_Task directions:_
Within the entries below, please return exactly the lines from the one with "Guilherme smiling in" through the one with "后退角:指液體在已被潤濕過的", leaving out any pictures.

_Task data:_
···
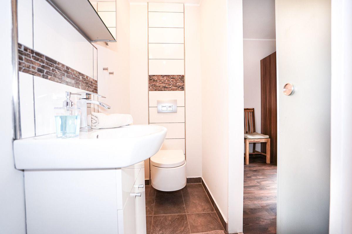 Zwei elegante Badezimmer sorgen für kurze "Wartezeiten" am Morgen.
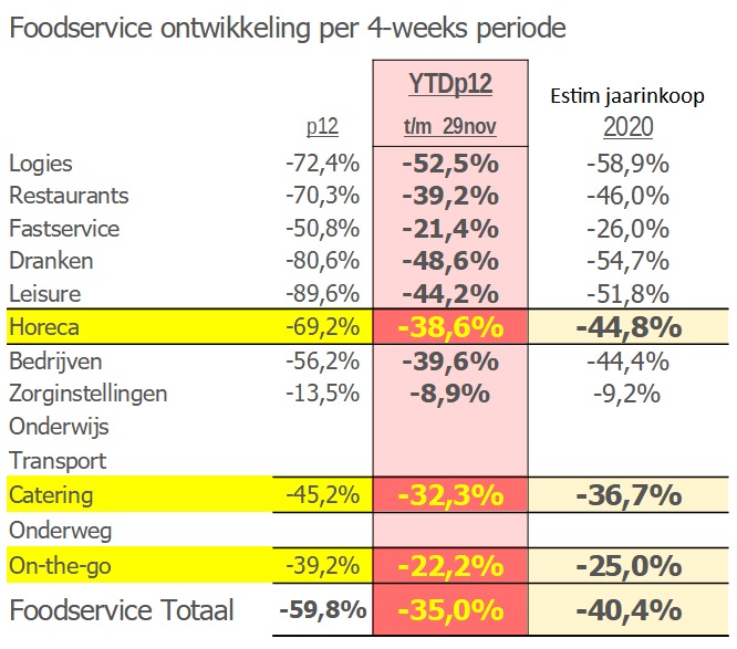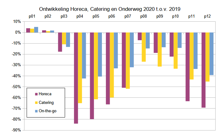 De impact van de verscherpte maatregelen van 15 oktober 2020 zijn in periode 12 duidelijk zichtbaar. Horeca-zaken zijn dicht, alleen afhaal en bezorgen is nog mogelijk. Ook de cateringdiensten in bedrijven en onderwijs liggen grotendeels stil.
···
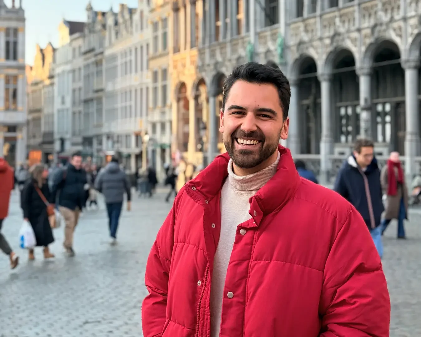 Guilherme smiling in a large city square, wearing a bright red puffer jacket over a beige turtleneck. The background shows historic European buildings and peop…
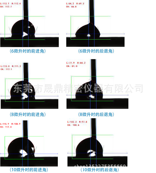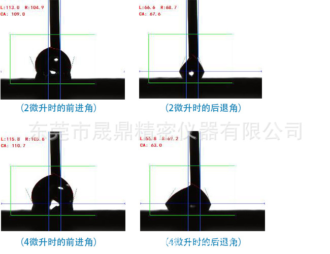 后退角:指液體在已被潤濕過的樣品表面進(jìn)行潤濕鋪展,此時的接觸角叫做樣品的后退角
···
_Output of the exercise:_
 Guilherme smiling in a large city square, wearing a bright red puffer jacket over a beige turtleneck. The background shows historic European buildings and peop…
 后退角:指液體在已被潤濕過的樣品表面進(jìn)行潤濕鋪展,此時的接觸角叫做樣品的后退角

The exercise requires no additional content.